- _What you need to do_:
Pictures are to be left out, and only the lines below starting at the one with "The Drake Youth" and ending at the one with "If you’re looking" are to be reproduced, each exactly, both ends included.

+++ Data supplied

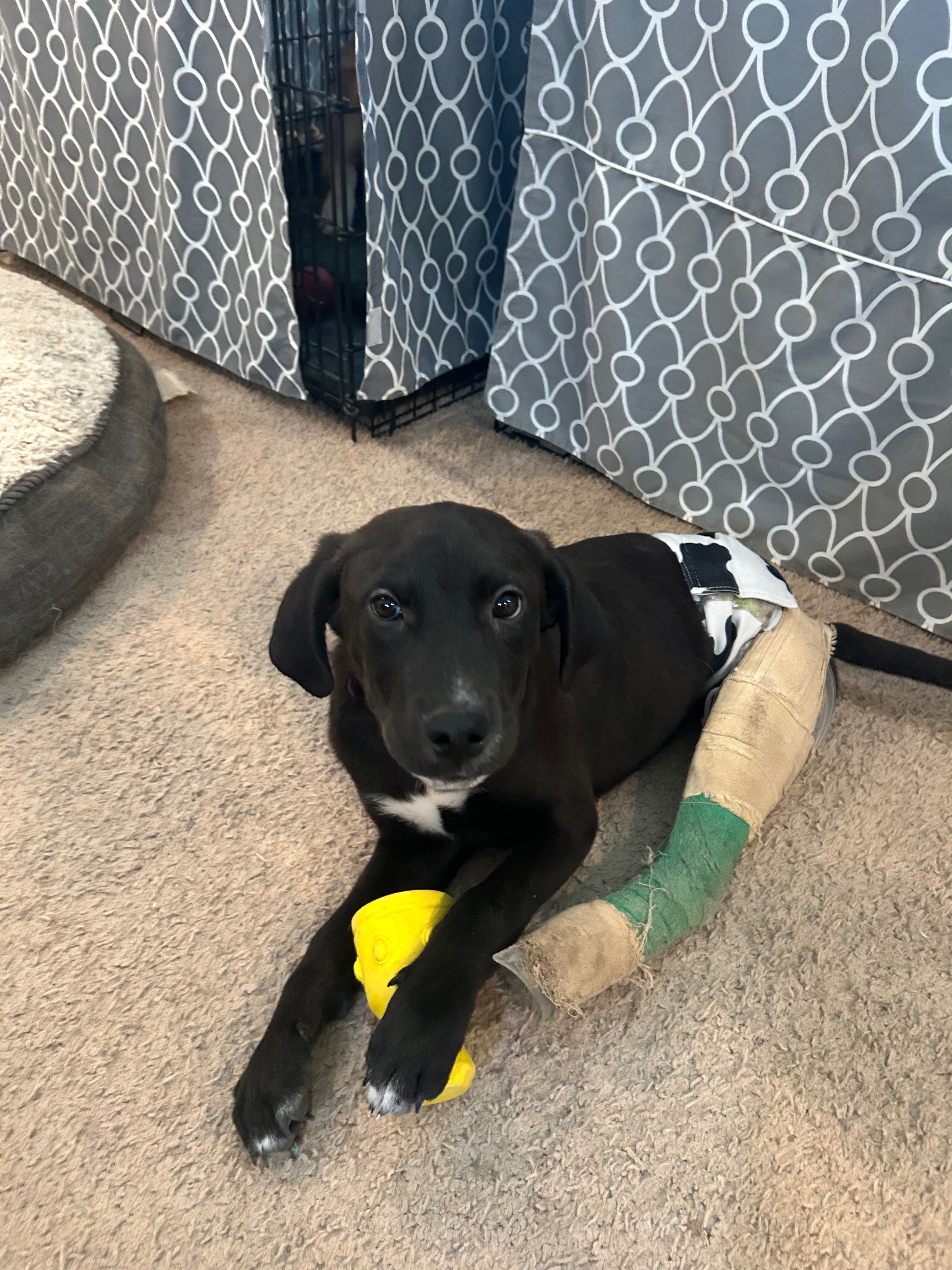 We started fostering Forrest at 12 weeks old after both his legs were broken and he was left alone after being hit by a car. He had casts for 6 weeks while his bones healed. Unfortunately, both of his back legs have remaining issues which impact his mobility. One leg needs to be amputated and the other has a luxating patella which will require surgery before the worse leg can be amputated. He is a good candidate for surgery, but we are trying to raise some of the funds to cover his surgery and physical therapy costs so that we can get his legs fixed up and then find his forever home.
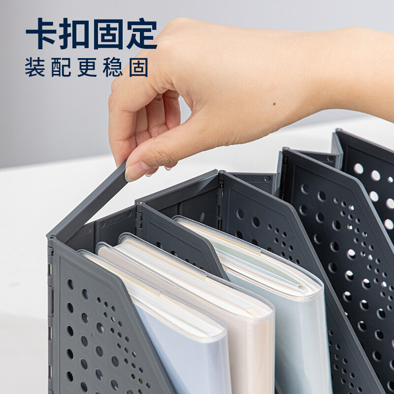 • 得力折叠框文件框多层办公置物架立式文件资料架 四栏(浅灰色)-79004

++++++
+++ Data supplied

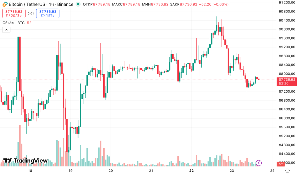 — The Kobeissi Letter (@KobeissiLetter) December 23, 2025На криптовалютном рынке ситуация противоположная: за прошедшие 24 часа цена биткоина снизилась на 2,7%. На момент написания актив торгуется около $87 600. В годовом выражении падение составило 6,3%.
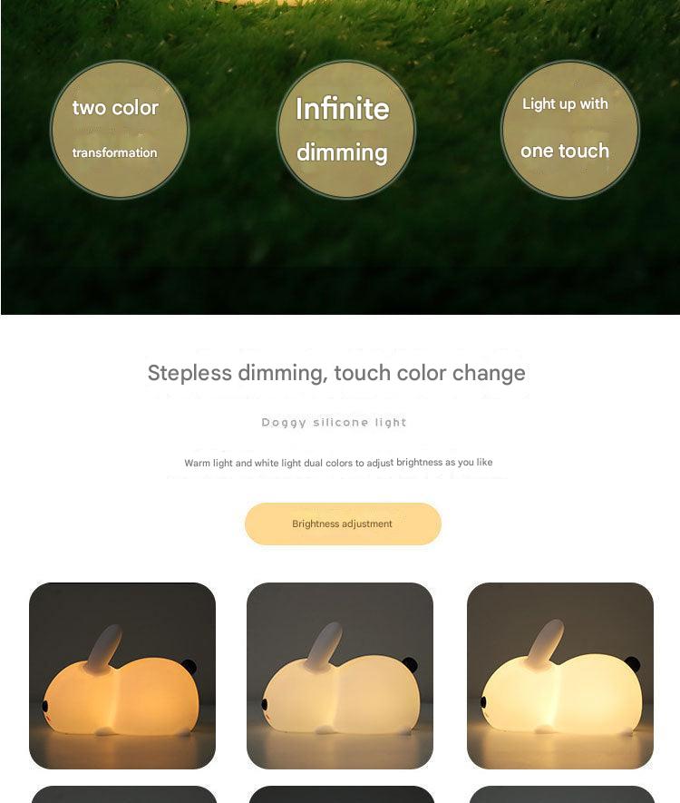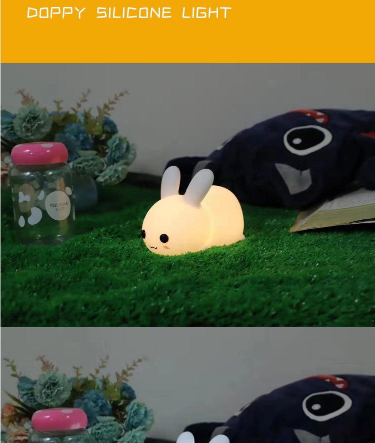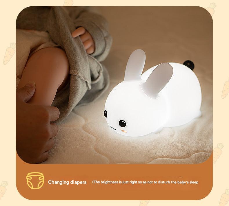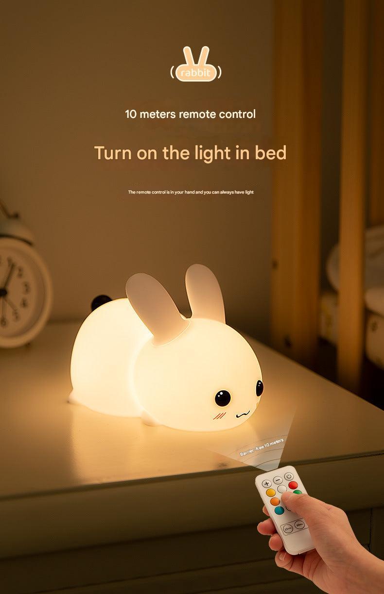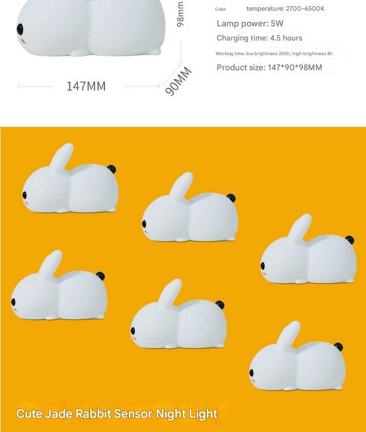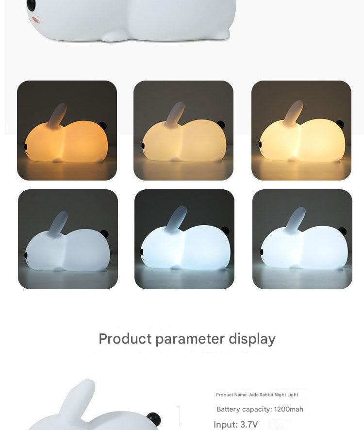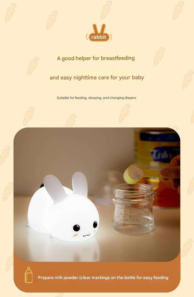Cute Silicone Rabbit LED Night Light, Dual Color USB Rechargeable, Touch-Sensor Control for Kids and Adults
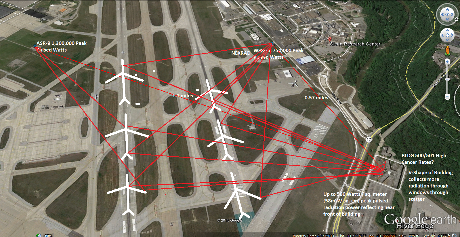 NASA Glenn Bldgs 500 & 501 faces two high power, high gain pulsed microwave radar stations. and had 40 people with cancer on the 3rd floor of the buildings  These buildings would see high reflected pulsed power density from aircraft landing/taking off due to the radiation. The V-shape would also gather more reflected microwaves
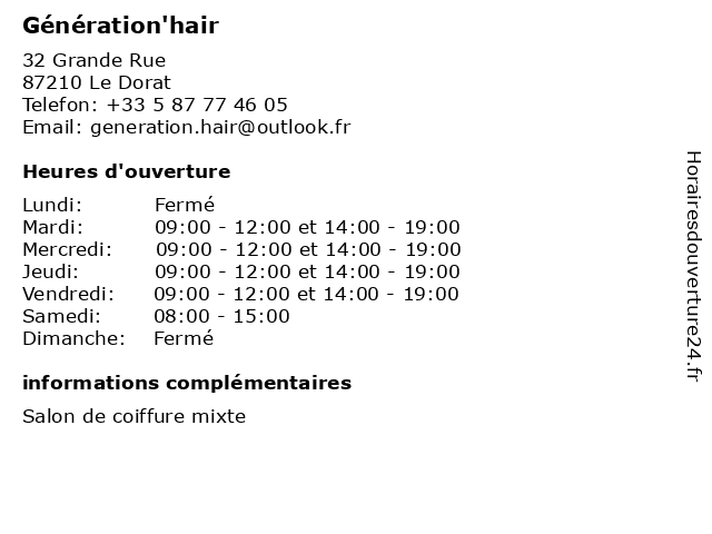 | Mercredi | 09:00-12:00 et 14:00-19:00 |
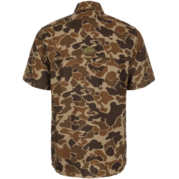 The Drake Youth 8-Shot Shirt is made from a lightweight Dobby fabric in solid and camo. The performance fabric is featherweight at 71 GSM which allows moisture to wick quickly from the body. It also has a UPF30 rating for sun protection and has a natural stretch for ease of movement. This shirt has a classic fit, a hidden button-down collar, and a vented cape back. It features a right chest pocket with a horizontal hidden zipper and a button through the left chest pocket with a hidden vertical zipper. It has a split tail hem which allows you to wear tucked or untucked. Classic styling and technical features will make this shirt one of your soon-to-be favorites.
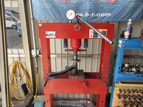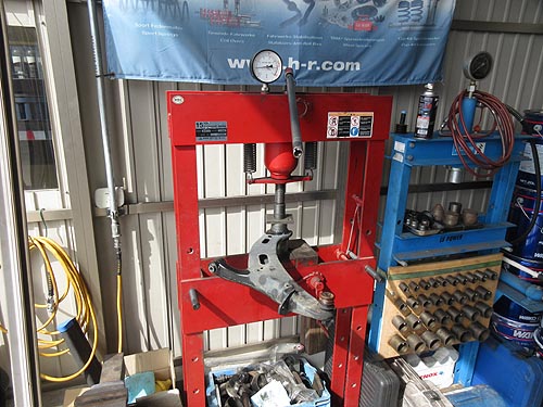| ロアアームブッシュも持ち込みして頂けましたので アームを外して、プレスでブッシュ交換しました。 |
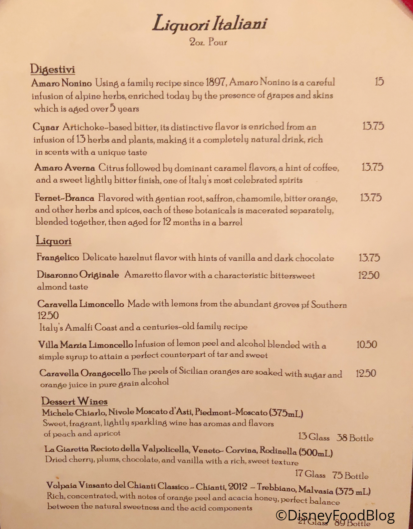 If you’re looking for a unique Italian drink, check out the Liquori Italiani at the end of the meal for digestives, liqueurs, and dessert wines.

++++++

- _Answer for this exercise_:
 The Drake Youth 8-Shot Shirt is made from a lightweight Dobby fabric in solid and camo. The performance fabric is featherweight at 71 GSM which allows moisture to wick quickly from the body. It also has a UPF30 rating for sun protection and has a natural stretch for ease of movement. This shirt has a classic fit, a hidden button-down collar, and a vented cape back. It features a right chest pocket with a horizontal hidden zipper and a button through the left chest pocket with a hidden vertical zipper. It has a split tail hem which allows you to wear tucked or untucked. Classic styling and technical features will make this shirt one of your soon-to-be favorites.
| ロアアームブッシュも持ち込みして頂けましたので アームを外して、プレスでブッシュ交換しました。 |
 If you’re looking for a unique Italian drink, check out the Liquori Italiani at the end of the meal for digestives, liqueurs, and dessert wines.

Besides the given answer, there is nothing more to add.